As it stands, the government’s proposed corporate collective investment vehicle regime would be more onerous than comparable regimes in Singapore and Hong Kong, says KPMG.
In a submission to Treasury on its corporate collective investment vehicle (CCIV) legislation, KPMG made 14 recommendations that would make the proposed regime competitive with the likes of Hong Kong and Singapore.
One of KPMG's key recommendations was the removal of the requirement that the corporate director of a CCIV be an Australian public company.
"While all countries require the corporate director/board to obtain appropriate licensing from the corporate and monetary regulators, only Australia requires that the corporate director should be a public company," said the KPMG submission.
Furthermore, the Australian CCIV regime would require the depositary to carry out "supervisory obligations", in contrast with the Hong Kong and Singapore systems.
In addition, the Australian framework would give the corporate director the widest scope to change the CCIV's constitution "without being obliged to obtain a shareholder resolution".

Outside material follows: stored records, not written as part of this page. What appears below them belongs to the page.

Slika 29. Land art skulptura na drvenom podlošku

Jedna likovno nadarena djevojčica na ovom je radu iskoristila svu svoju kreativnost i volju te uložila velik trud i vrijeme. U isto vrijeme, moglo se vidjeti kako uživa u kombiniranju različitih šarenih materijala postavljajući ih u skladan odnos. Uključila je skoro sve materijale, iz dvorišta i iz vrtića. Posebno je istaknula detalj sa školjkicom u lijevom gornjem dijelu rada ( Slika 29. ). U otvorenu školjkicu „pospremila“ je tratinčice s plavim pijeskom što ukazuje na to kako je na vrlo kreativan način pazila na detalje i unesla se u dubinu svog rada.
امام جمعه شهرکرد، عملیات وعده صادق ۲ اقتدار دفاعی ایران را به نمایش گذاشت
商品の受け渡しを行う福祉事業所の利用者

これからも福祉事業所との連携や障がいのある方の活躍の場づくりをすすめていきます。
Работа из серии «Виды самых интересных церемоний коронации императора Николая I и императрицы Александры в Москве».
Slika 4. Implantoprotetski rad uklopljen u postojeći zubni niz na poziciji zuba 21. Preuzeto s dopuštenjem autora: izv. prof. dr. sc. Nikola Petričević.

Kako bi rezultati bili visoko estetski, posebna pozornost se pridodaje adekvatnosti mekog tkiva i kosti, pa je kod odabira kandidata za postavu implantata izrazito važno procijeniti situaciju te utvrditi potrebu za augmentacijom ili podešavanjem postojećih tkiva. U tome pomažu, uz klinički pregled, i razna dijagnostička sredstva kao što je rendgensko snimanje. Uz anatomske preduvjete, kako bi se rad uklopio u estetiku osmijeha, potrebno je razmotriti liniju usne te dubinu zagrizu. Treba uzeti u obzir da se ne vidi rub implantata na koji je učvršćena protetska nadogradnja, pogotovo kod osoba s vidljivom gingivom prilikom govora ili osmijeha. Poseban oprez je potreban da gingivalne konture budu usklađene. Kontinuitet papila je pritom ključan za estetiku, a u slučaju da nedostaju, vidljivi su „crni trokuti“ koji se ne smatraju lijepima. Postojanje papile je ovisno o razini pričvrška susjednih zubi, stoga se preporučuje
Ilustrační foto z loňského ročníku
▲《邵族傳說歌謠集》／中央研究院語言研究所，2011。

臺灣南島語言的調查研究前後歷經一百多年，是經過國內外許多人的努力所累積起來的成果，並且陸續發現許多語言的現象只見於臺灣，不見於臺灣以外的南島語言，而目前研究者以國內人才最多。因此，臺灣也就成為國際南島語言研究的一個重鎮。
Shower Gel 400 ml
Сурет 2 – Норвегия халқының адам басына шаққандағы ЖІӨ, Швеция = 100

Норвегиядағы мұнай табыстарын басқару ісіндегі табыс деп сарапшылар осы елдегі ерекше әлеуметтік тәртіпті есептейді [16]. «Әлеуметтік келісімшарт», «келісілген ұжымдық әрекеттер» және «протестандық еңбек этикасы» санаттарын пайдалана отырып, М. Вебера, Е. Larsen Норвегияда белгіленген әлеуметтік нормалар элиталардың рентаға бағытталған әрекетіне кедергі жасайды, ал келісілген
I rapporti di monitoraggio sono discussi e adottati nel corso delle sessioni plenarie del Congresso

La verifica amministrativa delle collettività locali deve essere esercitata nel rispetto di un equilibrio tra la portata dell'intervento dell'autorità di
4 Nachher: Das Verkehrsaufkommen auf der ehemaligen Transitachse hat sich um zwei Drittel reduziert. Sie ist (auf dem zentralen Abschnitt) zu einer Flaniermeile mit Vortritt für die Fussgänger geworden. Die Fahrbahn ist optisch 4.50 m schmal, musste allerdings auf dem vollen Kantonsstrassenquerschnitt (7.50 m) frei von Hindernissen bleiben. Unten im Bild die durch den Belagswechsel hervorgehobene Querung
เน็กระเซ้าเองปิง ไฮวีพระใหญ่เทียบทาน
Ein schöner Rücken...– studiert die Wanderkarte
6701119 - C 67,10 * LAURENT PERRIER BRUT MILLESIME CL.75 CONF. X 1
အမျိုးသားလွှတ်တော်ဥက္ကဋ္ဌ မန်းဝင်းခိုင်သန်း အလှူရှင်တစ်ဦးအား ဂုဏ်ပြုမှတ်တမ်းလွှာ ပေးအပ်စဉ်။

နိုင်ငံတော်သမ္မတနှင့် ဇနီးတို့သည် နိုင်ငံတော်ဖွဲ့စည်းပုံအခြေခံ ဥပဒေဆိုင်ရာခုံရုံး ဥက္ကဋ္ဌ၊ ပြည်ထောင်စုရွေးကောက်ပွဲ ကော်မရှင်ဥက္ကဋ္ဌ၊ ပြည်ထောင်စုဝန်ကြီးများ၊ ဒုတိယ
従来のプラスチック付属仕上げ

Crucially, KPMG said the above points could be "contributory reasons" for an existing Australian fund to remain as a managed investment scheme, or for a new fund to set up its operations in another jurisdiction.
The CCIV regime must be "attractive when compared with overseas managed investment offerings. Key to this are both simplicity of operation and cost-competitiveness", said the submission.
It must also "provide commercial advantages when compared to the existing Australian managed investment scheme regimes", said KPMG.
"In particular, a clearly-defined and low-cost migration path from managed investment scheme to CCIV will be critical to the success of the vehicle," the submission said.